That didn’t take long.
Just days after enterprise IT provider F5 Networks disclosed critical vulnerabilities in its software, researchers say hackers have exploited one of the bugs in attempted intrusions.
“Starting this week and especially in the last 24 hours … we have observed multiple exploitation attempts against our honeypot infrastructure,” researchers from security firm wrote in a blog post Thursday. The situation escalated over the weekend, with proof-of-concept exploits posted to Twitter that make it easier to take advantage of the bug.
Government agencies and big corporations alike use the F5 software, known as BIG-IP, to manage data on their networks. The vulnerability documented by NCC Group could allow an attacker to execute code remotely on a system and delete data. It is one of a slew of BIG-IP flaws that F5 revealed on March 10. Security fixes are available.
“The attackers are hitting multiple honeypots in different regions, suggesting that there is no specific targeting,” Rich Warren, principal security consultant at NCC Group, wrote in an email. “It is more likely that they are ‘spraying’ attempts across the internet, in the hope that they can exploit the vulnerability before organizations have a chance to patch it.”
It was unclear whether the exploitation NCC Group observed went beyond the simulated “honeypot” networks erected by the firm to include intrusion attempts at other organizations. Nor was it clear who was exploiting the flaw. But the F5 vulnerabilities amount to another crucial security issue for organizations already dealing with the widespread exploitation of bugs in Microsoft Exchange Server.

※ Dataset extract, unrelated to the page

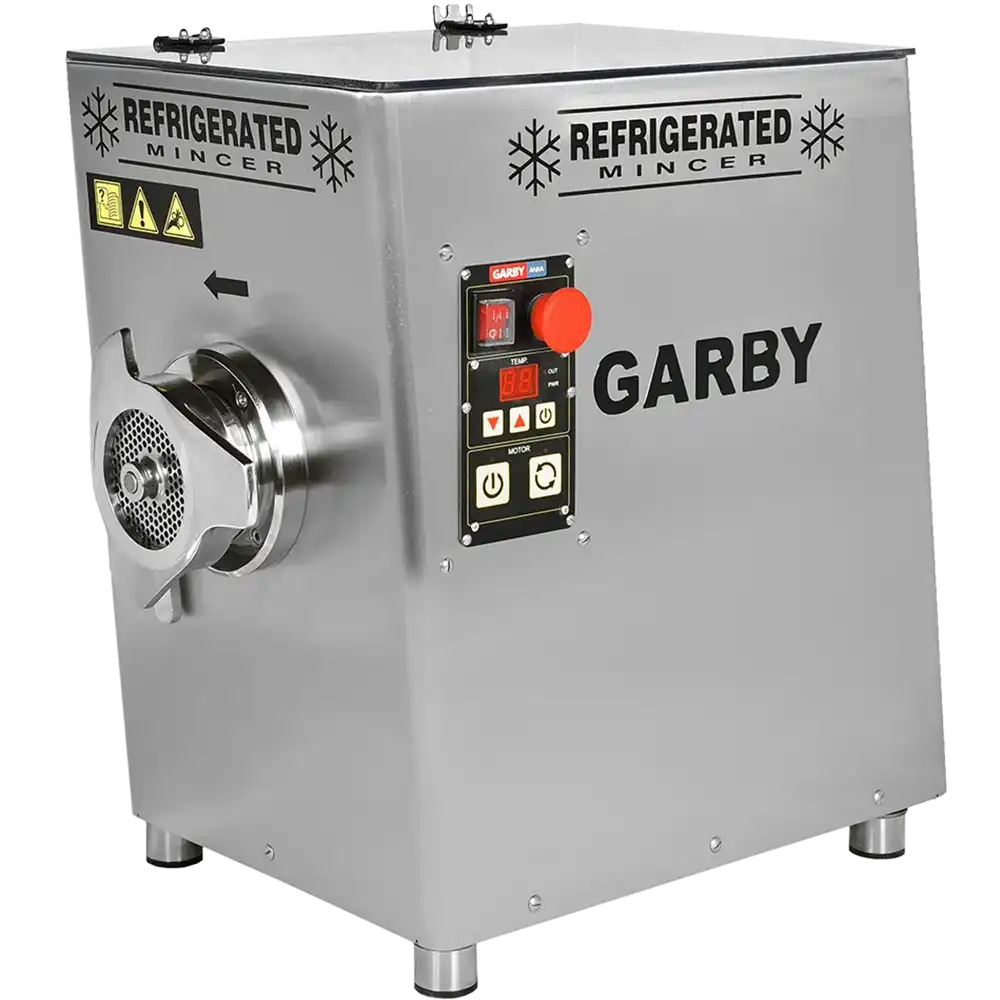 Κρεατομηχανή GARBY. Κατασκευασμένη εξ ολοκλήρου από ανοξείδωτο χάλυβα AISI 304 -18/10. Με μονοκόμματο καπάκι και ταψί και ψυκτικό κύκλωμα για τέλεια ψύξη στο ταψί και στην μπούκα διατηρώντας το κρέας σε άριστη κατάσταση.

Bad Packets, a Chicago-based threat intelligence provider, reported mass online scanning for the F5 vulnerability being exploited, as Bleeping Computer and Threatpost noted.
“We are aware of attacks targeting recent vulnerabilities published by F5,” Rob Gruening, a spokesman for F5, said in an email Monday. “As with all critical vulnerabilities, we advise customers update their systems as soon as possible.”
This is not the first time that F5’s BIG-IP software has been at the center of high-profile hacking attempts. The Department of Homeland Security’s cybersecurity agency said last July that it had responded to two hacking incidents at U.S. government and private-sector organizations that exploited a flaw in the software.